- Extracted information
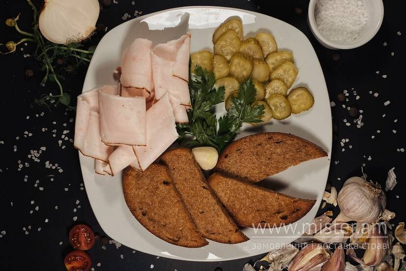 Грінки, сало, огірок солоний, кріп, петрушка, часник.
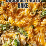 I fold in half the cheddar and all the Parmesan to melt into the sauce gently, then stir in the cooked pasta, broccoli, and chicken. Transferring everything to a casserole dish, I top with the remaining cheddar, cover and bake, then finish with crispy onions for that golden crunch.
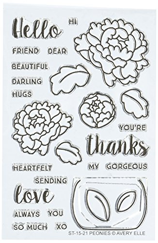 -. Binding : Misc. -. Brand : Avery Elle -. Color : Clear -. EAN : 0811568022799 -. Feature : These clear stamps peel off their backing and stick to any acrylic block making for easy stamping / Simply apply your favorite ink and stamp crisp clear images / They are made from 100% photo-polymer which is latex free phthalate free non- toxic and biodegradable -. Label : Avery Elle -. Manufacturer : Avery Elle -. Model : AE1521 -. MPN : AE1521 -. NumberOfItems : 1 -. PackageQuantity : 1 -. PartNumber : AE1521 -. ProductGroup : Art and Craft Supply -. ProductTypeName : HOME -. Publisher : Avery Elle -. Size : 4 by 6" -. Studio : Avery Elle -. Title : Avery Elle Peonies Stamp Set, 4 by 6", Clear -. UPC : 811568022799
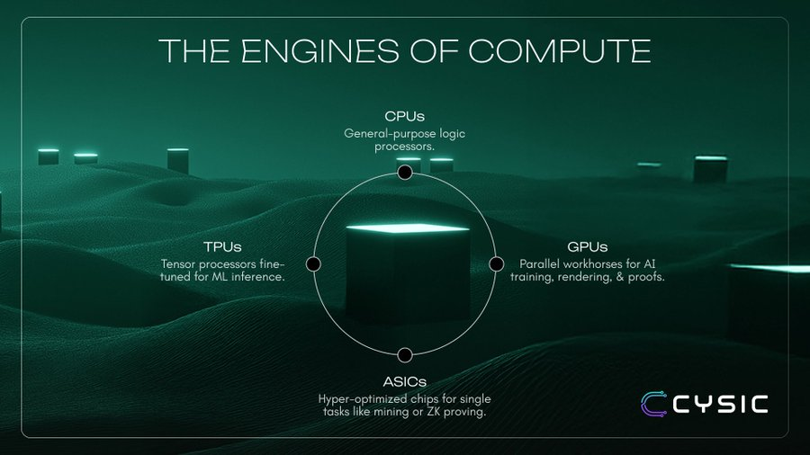 📢 @cysic_xyz just talked about the origins of “compute” starting with silicon. Every chip has its own task, from general-purpose CPUs to AI-accelerating GPUs and ZK proving. There are even ASICs and TPUs, specialized monsters for each task. It sounds simple, but in fact, this is the foundation of the entire digital world. From small laptops to giant AI clusters, all run on silicon. Now I understand why compute is called “the electricity of the intelligent era”.
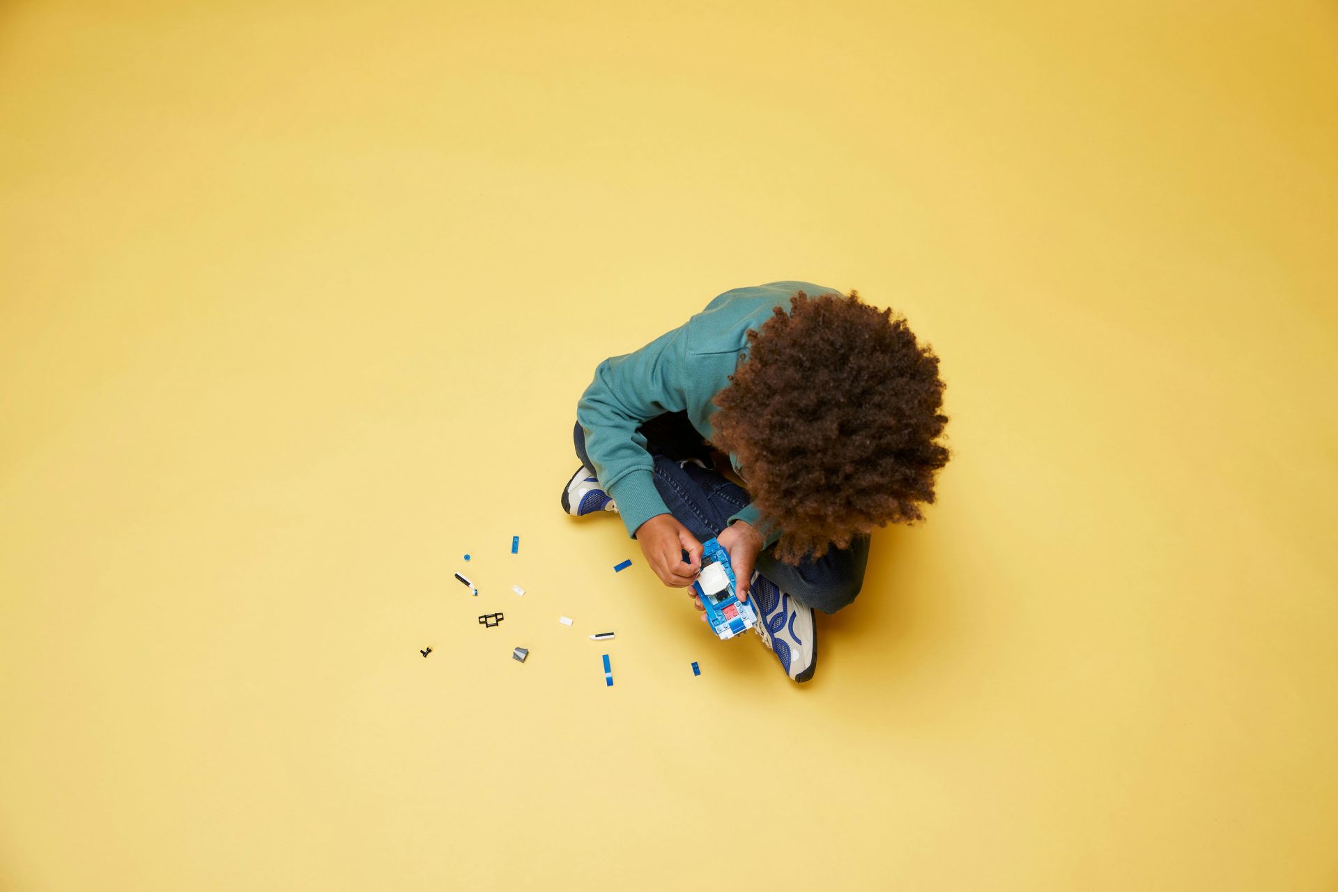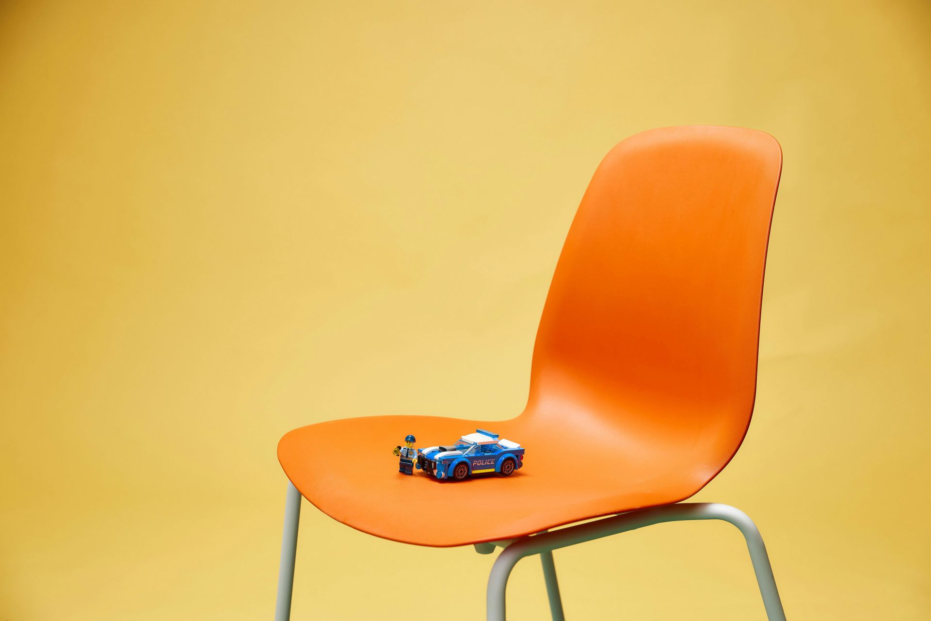 - Wat zit er in de doos – alles wat kinderen nodig hebben om een speelgoedpolitiewagen te bouwen, met ruimte achter het stuur voor de meegeleverde minifiguur van een politieagent
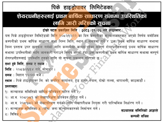 PK Hydropower Limited has announced its 1st AGM going to be held on 14th Baisakh, 2083.

- What the task requires
Give again, word for word, the lines from the one containing "- Wat zit er" through the last line of the entries, with pictures omitted and nothing added.

- Answer for the task
 - Wat zit er in de doos – alles wat kinderen nodig hebben om een speelgoedpolitiewagen te bouwen, met ruimte achter het stuur voor de meegeleverde minifiguur van een politieagent
 PK Hydropower Limited has announced its 1st AGM going to be held on 14th Baisakh, 2083.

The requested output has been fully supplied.